▶ Work to complete:
Repeat the records below exactly, from the first line through the line containing "Wodoodporna kurtka jeździecka", and leave out any pictures.

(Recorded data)
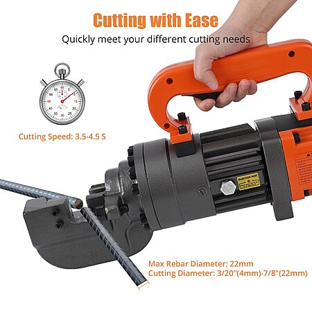 Electric Hydraulic Rebar Cutter, 1350W 110V, Cutting up to 7/8 in #7 4-22 mm Rebar, Steel, with Blades, Cutting Speed 3.5-4.0S (1350W RC-22) $229.55
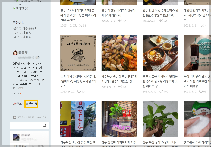 먼저 내 블로그 메인화면에서 왼쪽 하단에 [이웃커넥트] 윗쪽을 보시면 [관리]가 보이실 겁니다. [관리]로 들어갑니다.
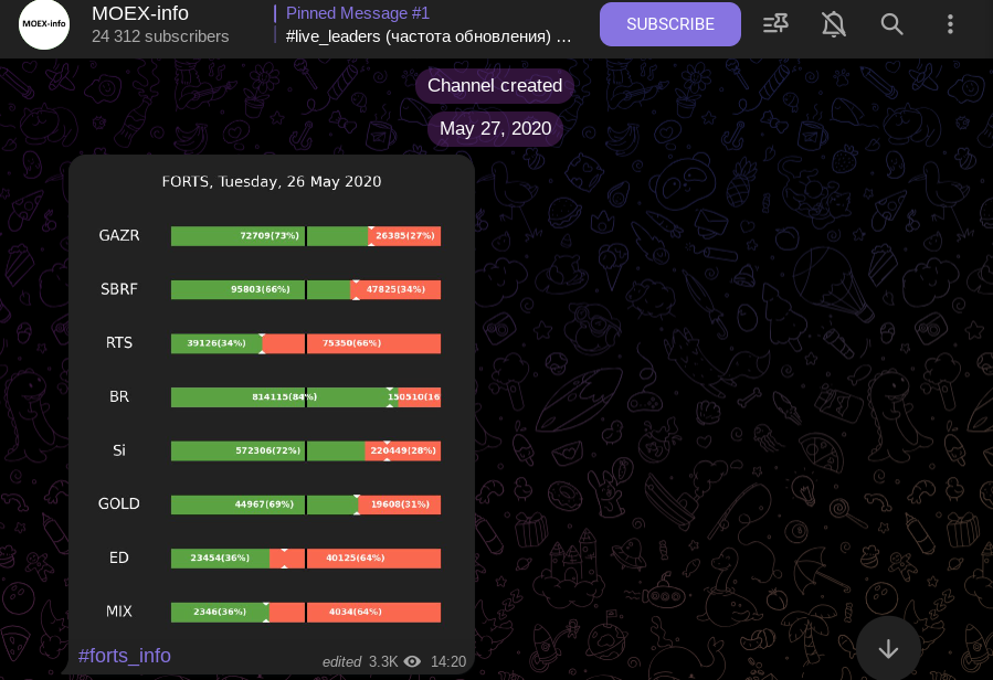 Den Konstantinov публикует торговые сигналы, краткую информацию по активам с Московской Биржи с 8 мая 2020 года. За это время аудитория инвестиционного канала MOEX Info увеличилась до более 24 тысяч человек. Спустя 19 дней после создания проекта появилась публикация с соотношением роста и падения активов в формате FORTS. Информацию, которую разместил Денис, просмотрели свыше 3 тысяч человек.
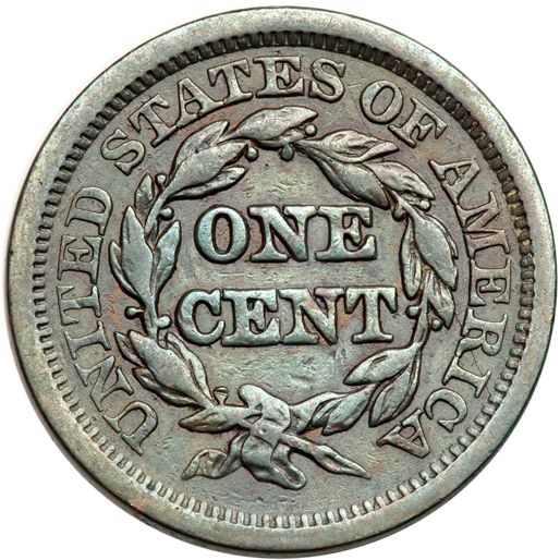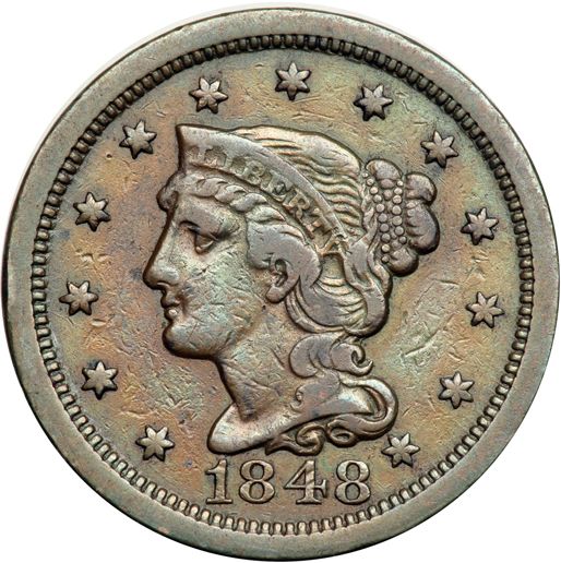 1848 N-32 R5 F12. Slightly sharper but recolored light bluish olive and steel brown. Smooth surfaces displaying only minor nicks. EDS.
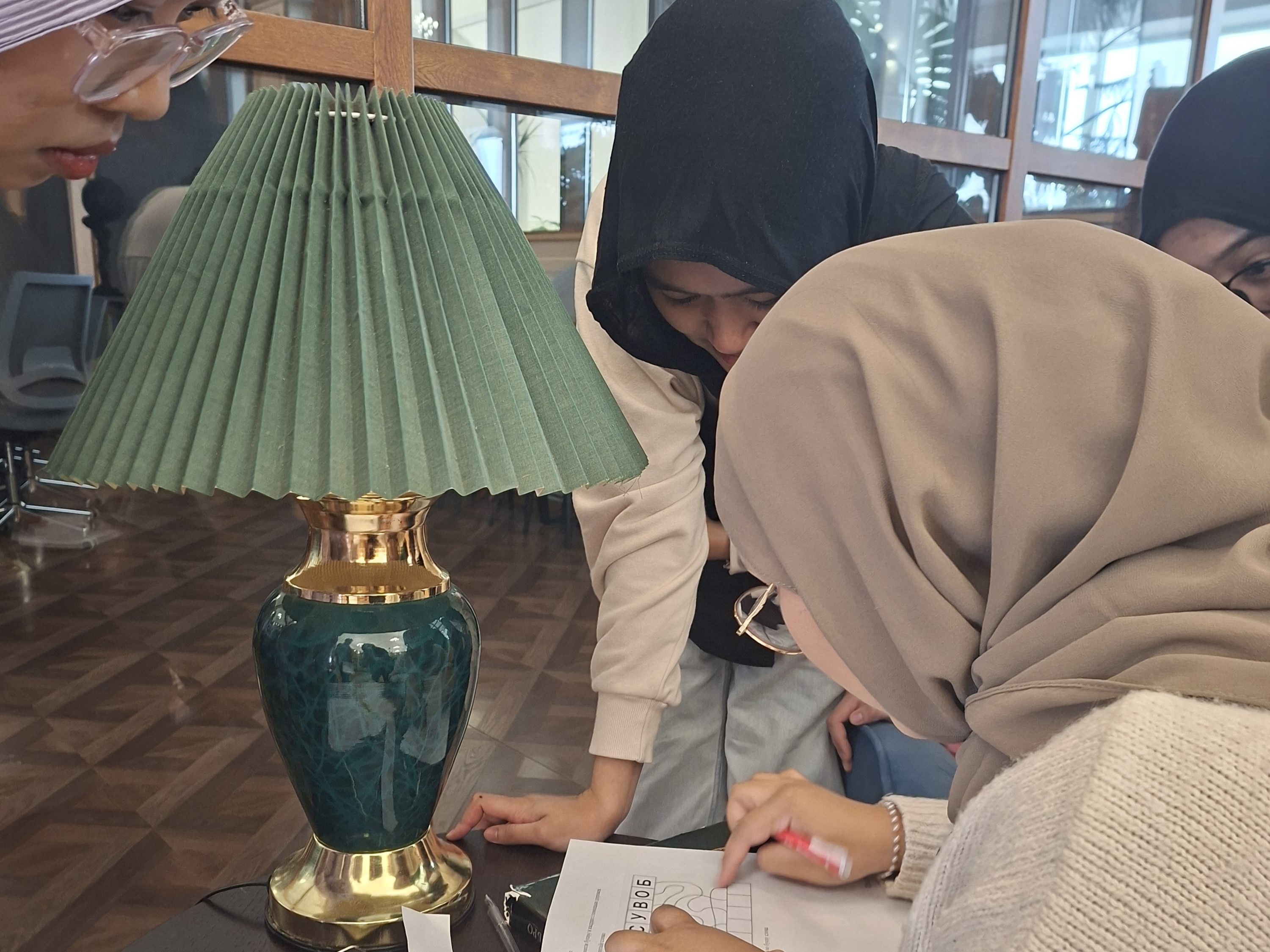 В большом зале университетской библиотеки были организованы «станции», по которым обучающимся необходимо было пройти, предварительно получив задание. Квест проводился исключительно на русском языке, без использования телефона и программ для перевода.
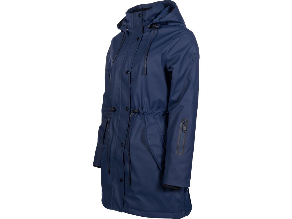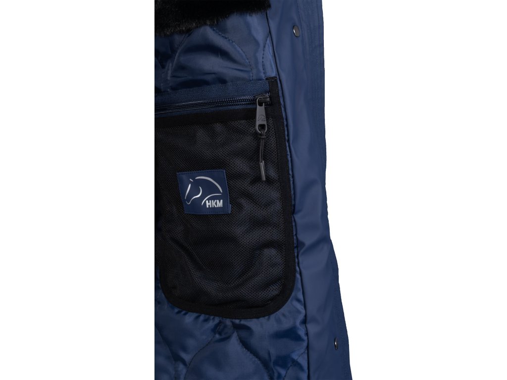 Wodoodporna kurtka jeździecka z lekkim wypełnieniem i dwukierunkowym zamkiem błyskawicznym. W bocznych kieszeniach znajduje się ciepła podszewka z polaru. Wewnątrz kurtki znajduje się również jedna kieszeń zapinana na zamek, która szczególnie nadaje się do przechowywania telefonu. Kurtka jest regulowana w talii, dzięki czemu idealnie dopasowuje się do kobiecych kształtów. Podszewka ze sztucznego futra wewnątrz kurtki.
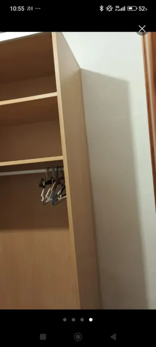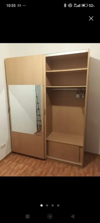 Armario amplio y resistente. Estructura en madera clara con 4 puertas abatibles de cristal translúcido tipo esmerilado y tiradores metálicos. 📦 Distribución interior: -Dos módulos independientes -Cada módulo con barra para colgar ropa -Estante superior en ambos módulos -Un módulo incluye dos cajones interiores El armario está en buen estado y es totalmente funcional. Presenta pequeños detalles estéticos en algunas zonas del cristal (desgaste de pintura), únicamente visuales, no afectan al uso. 📍 Recogida en mano. ⚠️El comprador debe encargarse del desmontaje. 💬 Precio negociable dentro de lo razonable.
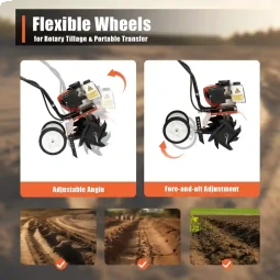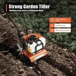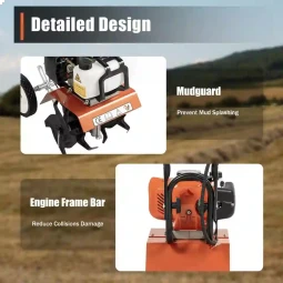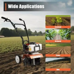 Powerful 2HP Engine: Equipped with a 52cc petrol engine delivering strong torque and consistent performance for tough soil conditions.
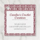 Cette illustration de dentelle au crochet blanc couvre un arrière - plan de couleur foncée pour un contraste élevé. Super classe look pour étiqueter vos produits finis au crochet. La taille plus grande est idéale pour les couvertures ou les pulls. Définissez votre propre nom d'entreprise et les coordonnées, ainsi que les instructions de soin pour l'article au crochet. Est livré avec ficelle pour la fixation à l'article. Design disponible en à feuillage persistant, bleu classique, peel orange, scarlett flamme (rouge), marron, turquoise, rose et marine. Vous pouvez changer la couleur à celle que vous préférez dans le personnalisateur.

▶ Written response:
 Electric Hydraulic Rebar Cutter, 1350W 110V, Cutting up to 7/8 in #7 4-22 mm Rebar, Steel, with Blades, Cutting Speed 3.5-4.0S (1350W RC-22) $229.55
 먼저 내 블로그 메인화면에서 왼쪽 하단에 [이웃커넥트] 윗쪽을 보시면 [관리]가 보이실 겁니다. [관리]로 들어갑니다.
 Den Konstantinov публикует торговые сигналы, краткую информацию по активам с Московской Биржи с 8 мая 2020 года. За это время аудитория инвестиционного канала MOEX Info увеличилась до более 24 тысяч человек. Спустя 19 дней после создания проекта появилась публикация с соотношением роста и падения активов в формате FORTS. Информацию, которую разместил Денис, просмотрели свыше 3 тысяч человек.
 1848 N-32 R5 F12. Slightly sharper but recolored light bluish olive and steel brown. Smooth surfaces displaying only minor nicks. EDS.
 В большом зале университетской библиотеки были организованы «станции», по которым обучающимся необходимо было пройти, предварительно получив задание. Квест проводился исключительно на русском языке, без использования телефона и программ для перевода.
 Wodoodporna kurtka jeździecka z lekkim wypełnieniem i dwukierunkowym zamkiem błyskawicznym. W bocznych kieszeniach znajduje się ciepła podszewka z polaru. Wewnątrz kurtki znajduje się również jedna kieszeń zapinana na zamek, która szczególnie nadaje się do przechowywania telefonu. Kurtka jest regulowana w talii, dzięki czemu idealnie dopasowuje się do kobiecych kształtów. Podszewka ze sztucznego futra wewnątrz kurtki.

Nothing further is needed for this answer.